## WORK REQUIRED
Beginning at the line that contains "ジャケット アウター レディース", repeat each line exactly through the last one of the records below, and leave out the pictures.
----
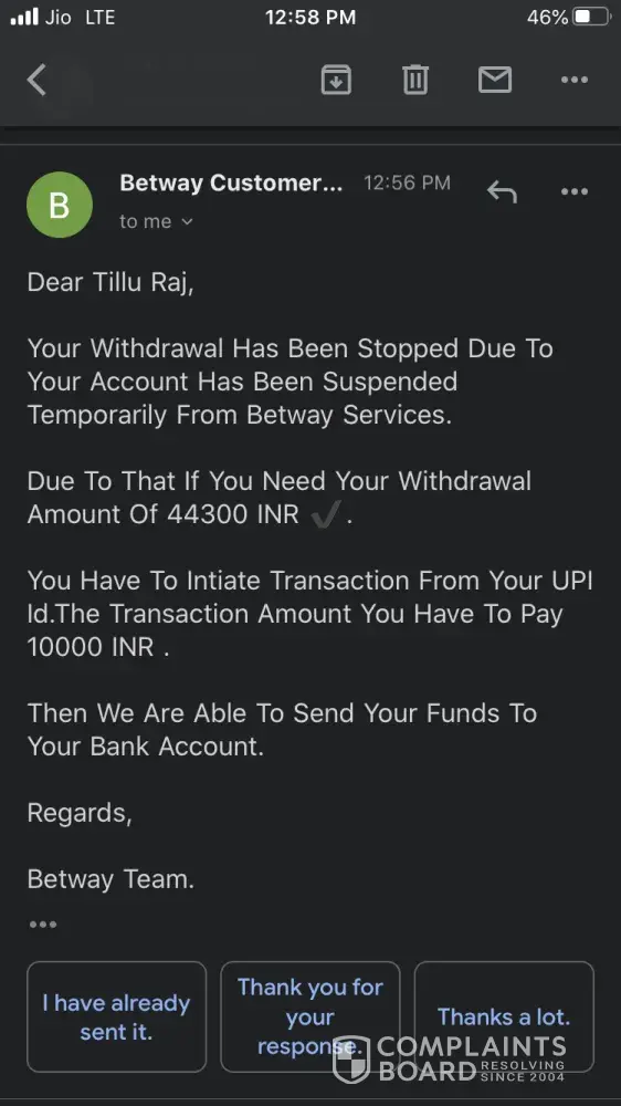 This is unacceptable, and it has caused me a great deal of inconvenience and financial loss. I am now forced to take legal action against Betway for its negligent behavior and failure to fulfill its obligation to credit the deposited amount. This is a clear violation of consumer rights, and I will not hesitate to pursue legal recourse to recover my deposited amount with all proofs and the response I got from the customer support
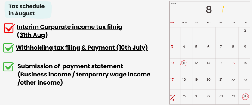 Aug 2025 Tax schedule in Korea
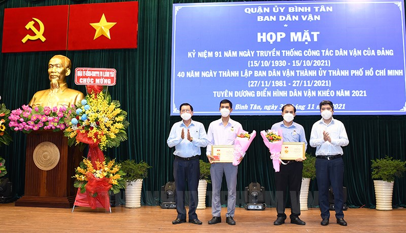 Dịp này Ban Dân vận Trung ương tặng kỷ niệm chương “Vì sự nghiệp Dân vận” cho 2 cá nhân có nhiều đóng góp cho sự nghiệp công tác Dân vận của Đảng; tặng bằng khen của Chủ tịch UBND TPHCM cho 2 tập thể, 3 cá nhân; tặng bằng khen của UBND quận Bình Tân cho 51 tập thể, 93 cá nhân có thành tích xuất sắc trong phong trào thi đua Dân vận khéo năm 2021.
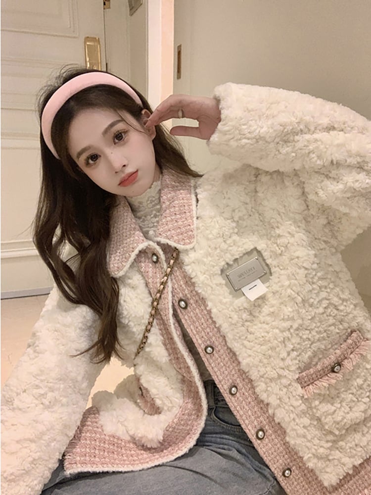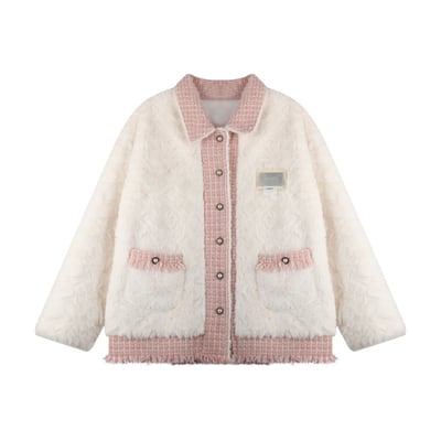 ジャケット アウター レディース ブルゾン 長袖 ボタン ポロ襟 白 ふわふわ モコモコ フェミニン ガーリー オーバーサイズ オーバーシルエット 体形カバー ゆる かわいい 可愛い 通勤 通学 学生 お出かけ デート 秋 冬 10代 20代 大人 コーデ コーディネート 韓国 ファッション オルチャン お取り寄せ 送料無料 hll-0563
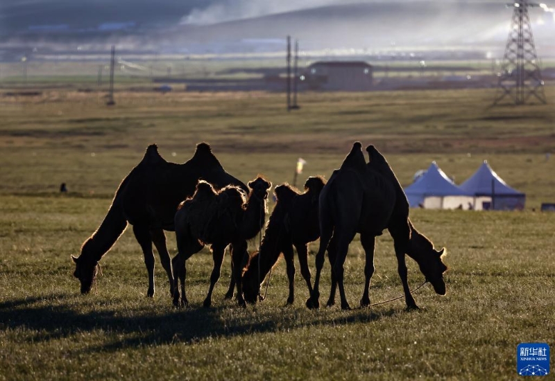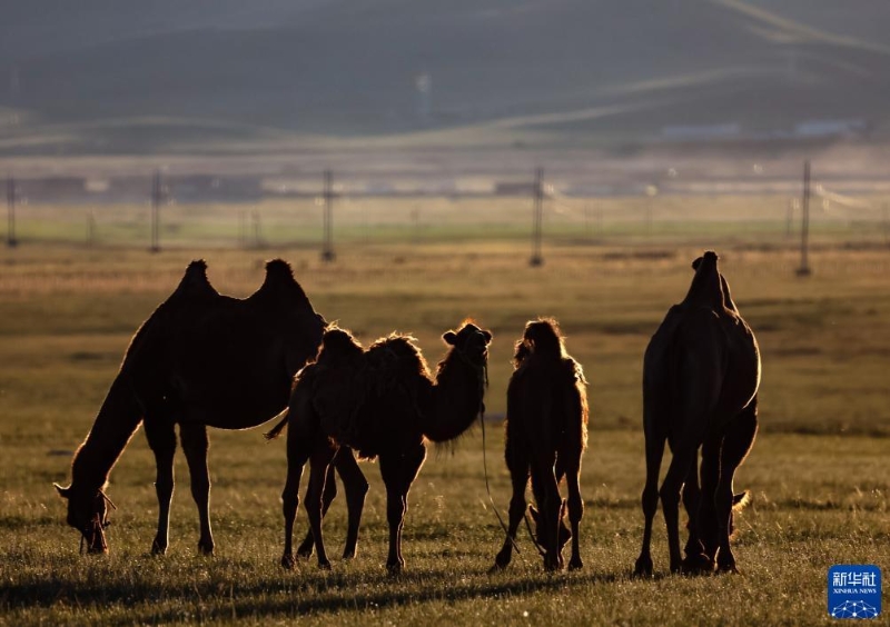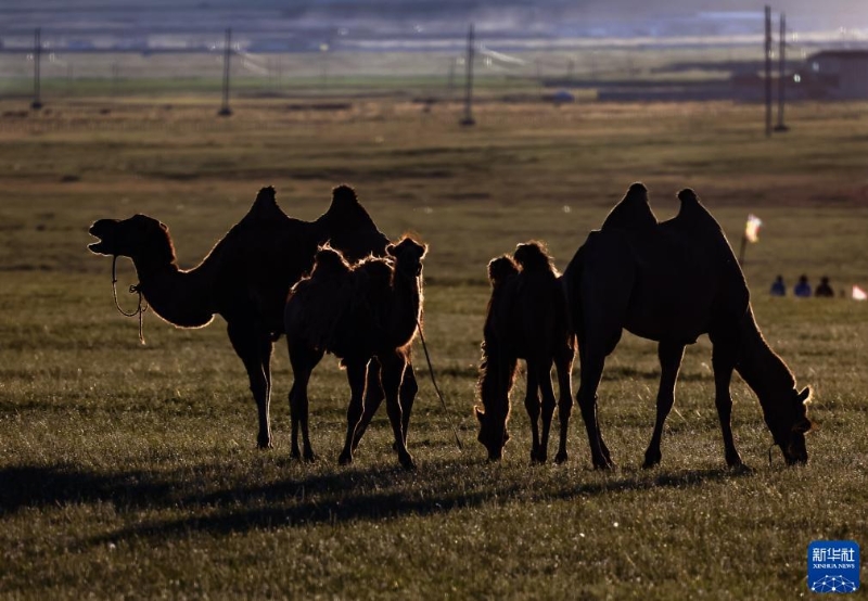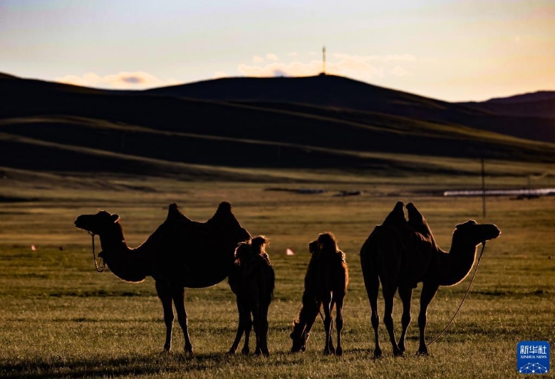 這是8月18日在蒙古國(guó)泰吉山谷拍攝的沐浴在夕陽(yáng)里的駱駝。
----
## RESULT OF THIS TASK
 ジャケット アウター レディース ブルゾン 長袖 ボタン ポロ襟 白 ふわふわ モコモコ フェミニン ガーリー オーバーサイズ オーバーシルエット 体形カバー ゆる かわいい 可愛い 通勤 通学 学生 お出かけ デート 秋 冬 10代 20代 大人 コーデ コーディネート 韓国 ファッション オルチャン お取り寄せ 送料無料 hll-0563
 這是8月18日在蒙古國(guó)泰吉山谷拍攝的沐浴在夕陽(yáng)里的駱駝。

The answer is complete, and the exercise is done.